Micron Shuts Up the Bears, Makes India's 'Buffett' Regret: Sold Too Early, Missed Out on $2 Billion

marsbitPublished on 2026-06-25Last updated on 2026-06-25

Abstract

Indian value investor Mohnish Pabrai, a disciple of Warren Buffett, revealed his costly mistake of selling shares in Micron Technology too early. He initially invested in 2017, holding it for six years and building a position as large as 77% of his portfolio, based on a thesis that the memory chip industry would consolidate into a stable oligopoly of Samsung, SK Hynix, and Micron. However, he sold his entire stake in September 2023, fearing oversupply after Samsung announced production expansion. Shortly after his exit, demand for high-bandwidth memory (HBM) surged with the rise of AI, and Micron's stock price skyrocketed over 15 times in two years. Pabrai estimates this premature sale cost him roughly $20 billion in potential gains. He expressed similar regret over selling his investment in SK Hynix too soon, stating he violated his own principle of holding companies forever. Reflecting on these errors, Pabrai emphasized his core investment checklist principles: avoiding leverage, focusing on the durability of a company's competitive moat, and assessing management's character. Despite these personal trading missteps, his long-term view on the remaining memory chip leaders remains bullish, advising current holders not to sell as "the party is just getting started." He concluded by sharing his philosophical outlook, prioritizing character over wealth, and his goal to donate his entire fortune before his passing.
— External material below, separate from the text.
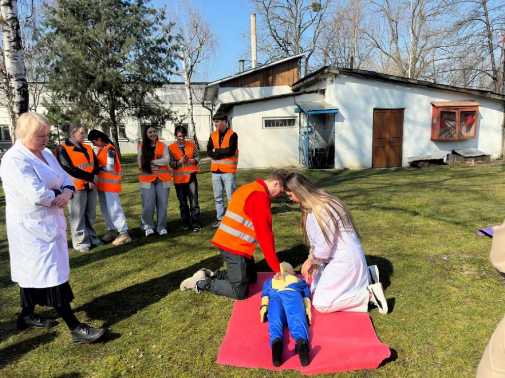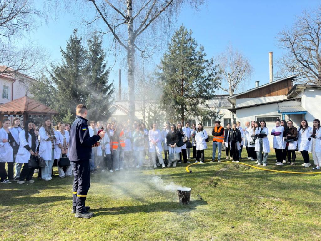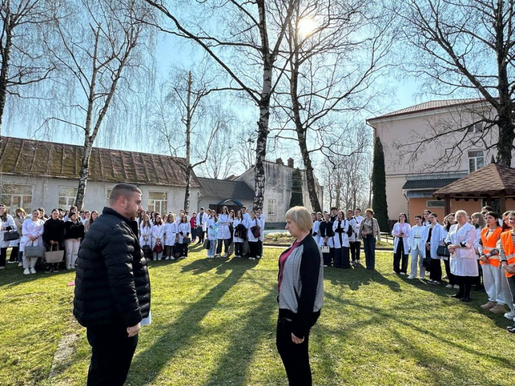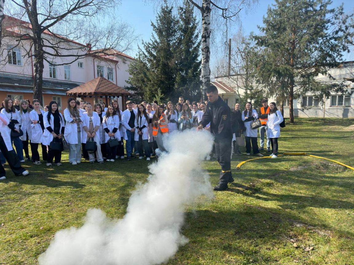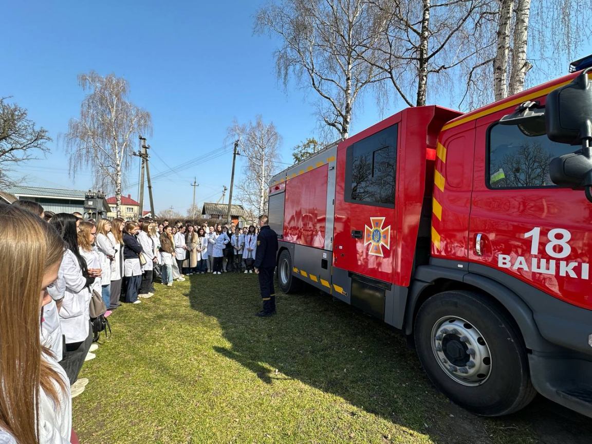 З метою підвищення рівня знань здобувачів освіти та персоналу з питань пожежної та техногенної безпеки, порядку дій при виявленні вибухонебезпечних предметів та правил безпечної поведінки, а також відпрацювання злагодженості дій при здійсненні евакуації та з метою популяризації професії рятувальника та здійснення професійно-орієнтаційної роботи серед студентів та у рамках проведення Дня цивільного захисту 24 березня 2026 року у Вашковецькому медичному фаховому коледжі, керівником цивільного захисту коледжу Дмитром Макарою проведені об’єктові навчання і тренування з питань цивільного захисту із залученням рятувальників 18 ДГТРЧ 1 ДПРЗ та Вижницького РВ ЦЗ та ПД Головного управління ДСНС України у Чернівецькій області та спеціальний аварійно-рятувальний автомобіль. Студенти-гуртківці під керівництвом Наталії Сащук продемонстрували майстер — клас по наданню домедичної допомоги під час надзвичайних ситуацій.

Known as India's 'Buffett,' Pabrai had heavily invested in Micron for six years. After selling, the stock price surged more than 15 times in two years, causing him to miss out on roughly two billion dollars. He also sold SK Hynix too early. Recently, he personally reviewed his most painful trading error in a media interview: "I visited Samsung multiple times and also held investments in SK Hynix. But to my great regret, I violated my own principles and sold companies I should have held forever."

Having spent nearly $500,000 for a lunch with Buffett, this Indian 'Buffett' missed out on $2 billion from Micron.
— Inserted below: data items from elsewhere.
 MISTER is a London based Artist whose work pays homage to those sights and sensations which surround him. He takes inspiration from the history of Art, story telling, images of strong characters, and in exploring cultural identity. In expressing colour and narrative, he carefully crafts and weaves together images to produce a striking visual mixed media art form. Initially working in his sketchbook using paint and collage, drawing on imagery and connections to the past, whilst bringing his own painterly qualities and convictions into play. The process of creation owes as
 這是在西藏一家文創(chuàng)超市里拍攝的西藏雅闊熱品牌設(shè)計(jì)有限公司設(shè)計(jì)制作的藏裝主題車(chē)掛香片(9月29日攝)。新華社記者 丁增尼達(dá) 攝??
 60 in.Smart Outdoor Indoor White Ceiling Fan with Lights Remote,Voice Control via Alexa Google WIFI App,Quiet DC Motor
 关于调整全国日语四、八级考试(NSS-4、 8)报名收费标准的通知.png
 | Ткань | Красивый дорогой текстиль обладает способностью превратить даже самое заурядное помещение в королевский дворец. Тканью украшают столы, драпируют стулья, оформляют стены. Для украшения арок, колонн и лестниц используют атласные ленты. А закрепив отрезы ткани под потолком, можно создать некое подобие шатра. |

'Disciple of Buffett' and globally renowned value investor Mohnish Pabrai initiated a position in Micron in 2017 and sold it in September 2023, making only about double; in the two years after selling, Micron's stock price soared over 15 times, resulting in an estimated $2 billion in missed gains. With SK Hynix, he also sold too early.

On June 22, in a Korean interview program called "지식인사이드 (Information Inside)," he reviewed his most painful trading errors: Very regrettable. I violated my own principles and sold companies I should have held forever.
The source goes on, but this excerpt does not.